Andreas Ivanschitz, Kapitän der österreichischen Nationalmannschaft, soll bei dem Klub aus Mainz einen Vertrag bis zum Jahr 2012 unterschrieben haben. Die medizinische Untersuchung hat der 49-malige Nationalspieler bereits ebenso hinter sich gebracht wie die erste Trainingseinheit mit seinen neuen Kollegen, die sich derzeit im Trainingslager in Flachau in Österreich auf die neue Saison vorbereiten. „Ich wollte den Wechsel in eine bessere Liga, um mehr gefordert zu werden“, sagt Ivanschitz. Nun möchte er sich Woche für Woche „mit den Besten“ messen. Seit 2006 war er bei Panathinaikos Athen unter Vertrag, und weil das dortige Arbeitsverhältnis bis 2012 datiert war, dürfte für Ivanschitz ein Ablösebetrag von etwa 1,5 Millionen Euro fällig werden. Mainz 05 hat also reagiert, eine andere Möglichkeit hatten Cheftrainer Jörn Andersen und Manager Christian Heidel auch nicht. Denn nach dem Abschied von Markus Feulner zu Borussia Dortmund zum Saisonende und den Operationen bei den Zugängen Filip Trojan (Meniskusverletzung) sowie Eugen Polanski (offene Wunde am Fuß) hatte sich im Mittelfeld bis etwa Mitte Oktober ein nicht unbeträchtliches personelles Vakuum aufgetan. Zuletzt hatte sich noch der Transfer von David Hoilett (Blackburn Rovers) an den Mainzer Bruchweg zerschlagen.

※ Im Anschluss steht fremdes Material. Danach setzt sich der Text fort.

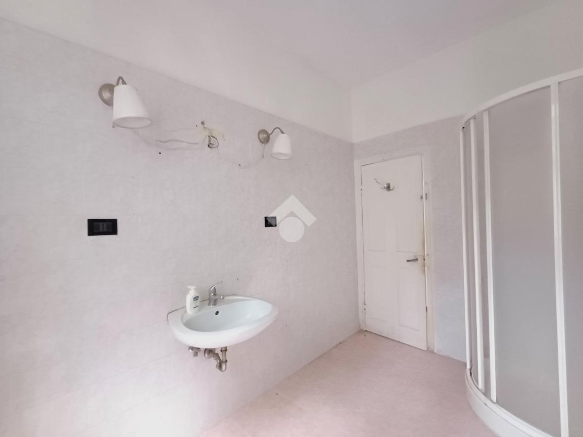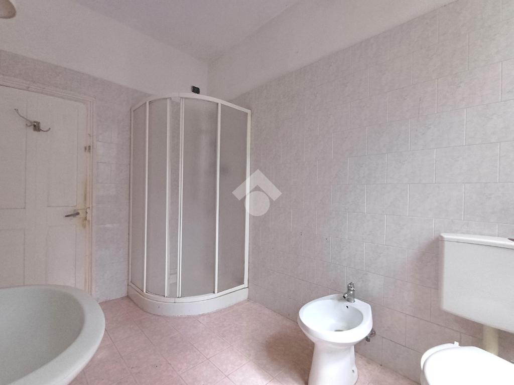 Il bagno, di discrete dimensioni è dotato di finestra e box doccia
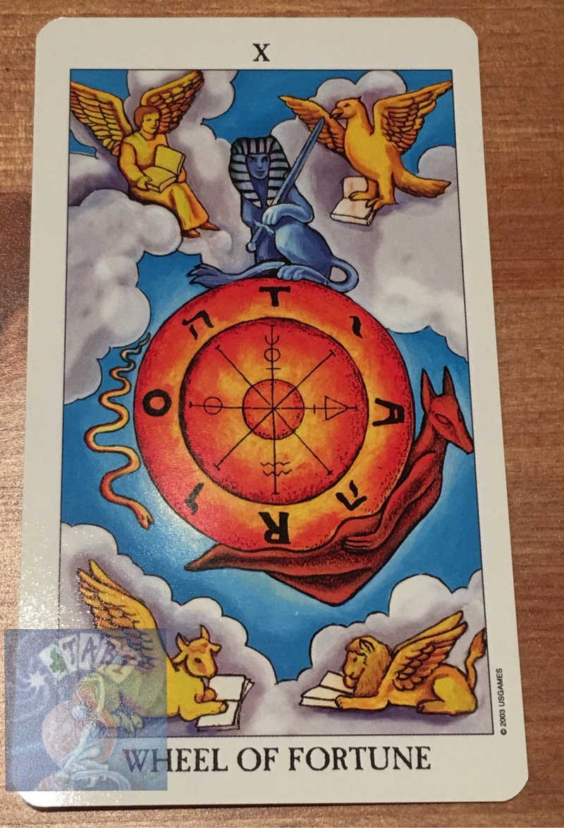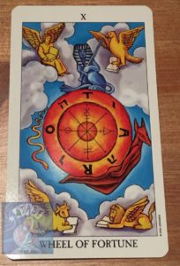 Round and round and round it goes and where it stops, nobody knows….I’m recalling the catch phrase from the TV show ‘Wheel of Fortune’ here. The game was won or lost on a turn of the wheel. Which makes me think of other games of chance. As the card is in the upright position it does carry a healthy dose of good luck with it – if you’re so inclined, why not have a flutter on the lottery or something similar this month? Or maybe, if you’ve been wondering whether to try something, take the chance. Nothing ventured, nothing gained – you may just get lucky, providing you’ve been nice, because remember what goes around, comes around…..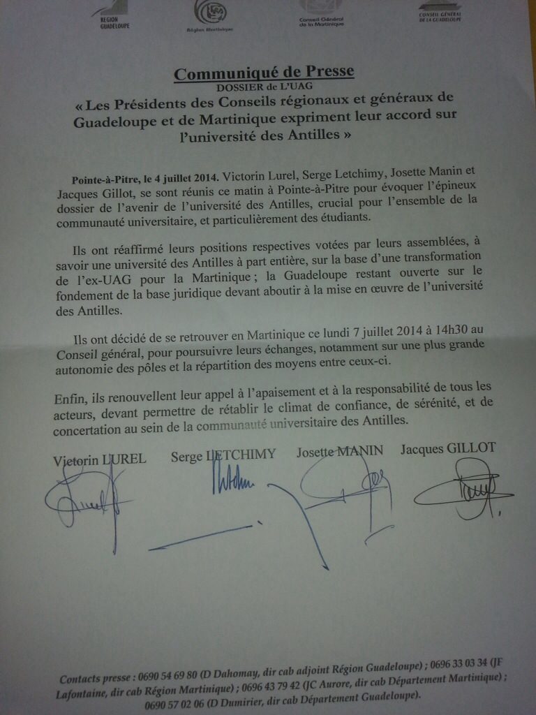 Quatre signatures et une #Université bondamanjak 11 ans ago Ils ont signé. Les présidents des Conseils régionaux et généraux de #Martinique et de #Guadeloupe sont quasiment en phase pour la mise en place de l’#Université des #Antilles. A suivre.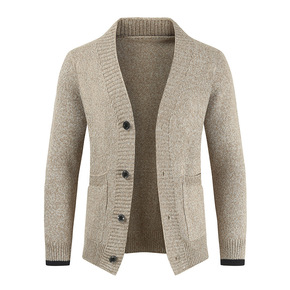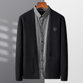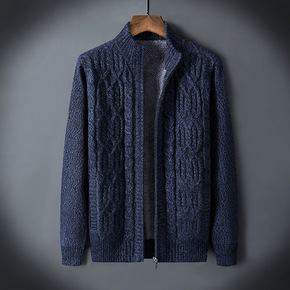 男士开衫秋季加厚外套韩版青年潮流纯色含羊毛针织毛衣...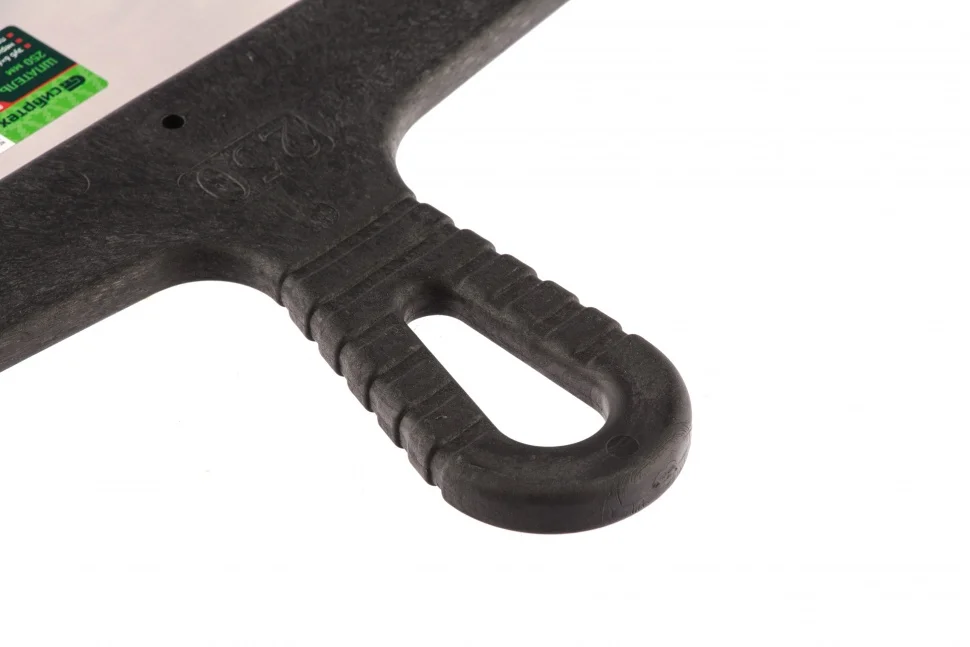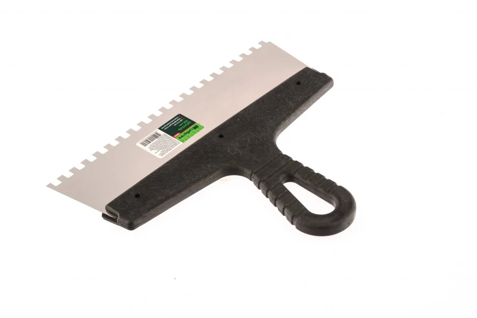 Шпатель Сибртех 85465 шириной 250 мм, из нержавеющей стали, с пластмассовой ручкой и зубьями 6 х 6 мм, применяется для равномерного нанесения клея при укладке мелкоформатной плитки, мозаики и т.д. Квадратные зубья облегчают нанесение клеевого состава, позволяя ровно и экономно распределять его по поверхности. Зубья размером 6 х 6 мм рассчитаны на плитку площадью 100-400 см2.ПреимуществаУпругое полотно — при изгибающих нагрузках шпатель быстро восстанавливает свою форму.Коррозионная стойкость — рабочее полотно выполнено из нержавеющей стали.Надежный хват — инструмент имеет эргономичную рельефную ручку.Удобство — рукоятка выполнена с небольшим наклоном для комфортного нанесения и выравнивания растворов.Практичное хранение — в рукоятке предусмотрено отверстие для подвешивания шпателя.
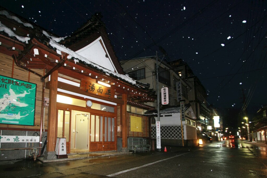 湯の流れる音、木の軋む音、風が障子を揺らす音。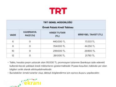 TRT, çalışanlarının maaş promosyonu için Halkbank ile anlaştı. Promosyon tutarı 95 bin TL olarak açıklandı. TRT tarafından personele yapılan duyuru şöyle: “Yeni dönemi kapsayan maaş ve promosyon protokolü, Halkbank (Türkiye Halk Bankası A.Ş.) ile imzalanmıştır. Yapılan protokol kapsamında, promosyon tutarı 95.000 TL nakit ve 15.000 TL ParafPara olmak üzere toplam 110.000 TL olarak belirlenmiş olup; nakit promosyon tutarı Aralık 2025 maaşının ardından tek seferde, ParafPara tutarı ise Ocak, Şubat ve Mart 2026’da üç eşit parça halinde hesaplara yatırılacaktır. Protokol süresince: Banka şubesi, ATM, internet/mobil/telefon bankacılığı aracılığıyla havale, FAST ve mesai saatleri içerisinde yapılacak EFT işlemlerinden, maaş hesaplarına tanımlanacak elektrik, doğalgaz, telekomünikasyon, su vb. otomatik fatura ödeme talimatlarından, banka kartı, kredi kartı, çalışanın eşi ve çocukları için talep edilecek ek kartlardan ücret alınmayacaktır. Banka promosyonunu tercih etmeyen çalışma arkadaşlarımıza, 6, 8, 10, 12 ay seçenekli sıfır faizli kredi imkânı sunulmuştur. (Örnek kredi tutarı ve ödemeler için ekteki dosyaya bakabilirsiniz.) Kurumumuzun yoğun çalışmaları sonucu yapılan anlaşmanın tüm çalışma arkadaşlarımıza hayırlı olmasını dileriz.”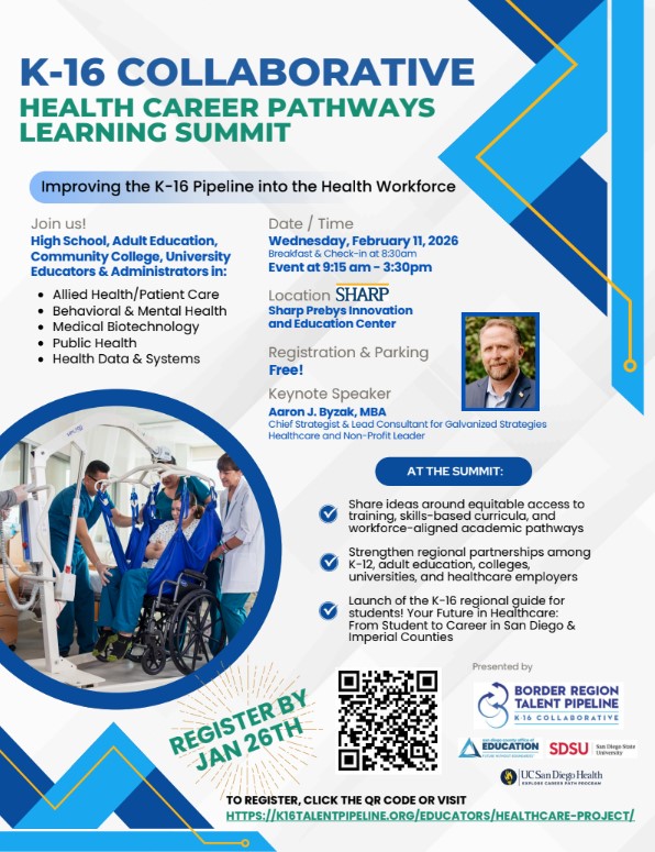 Summit Goal: Strengthen the K-16 healthcare talent pipeline in the San Diego and Imperial region by building and expanding partnerships across K-12, adult education, community colleges, universities to create seamless career pathways, increase awareness of healthcare programs and occupations, improve student outcomes, and address regional workforce shortages.

Nun soll Ivanschitz helfen, der einst mit knapp 20 Jahren der jüngste Kapitän der österreichischen Nachkriegshistorie gewesen ist, zuletzt von Nationaltrainer Dietmar Constantini jedoch nicht mehr berücksichtigt wurde. Und wenn Ivanschitz davon spricht, dass er über einen Stammplatz bei Mainz „eine Rückkehr ins Nationalteam“ anstrebt, scheint er keine schlechten Aussichten zu haben. Denn der 54-jährige Constantini hat die Mainzer 1997 und 1998 als Cheftrainer betreut. Wenngleich damals noch mit mäßigem Erfolg. Vielleicht kommt mit Ivanschitz ja auch das Glück zurück zum FSV Mainz 05. Nötig hätte es der Klub. Das jüngste Testspiel gegen den Drittligisten Wacker Burghausen ging nämlich 1:4 verloren, und zu allem Überfluss verletzte sich am Sonntagmorgen auch noch Stürmer Srdjan Baljak. Der Serbe zog sich während eines regenerativen Radelns beim Sturz vom Drahtesel einen Schlüsselbeinbruch zu und fällt vier Wochen aus.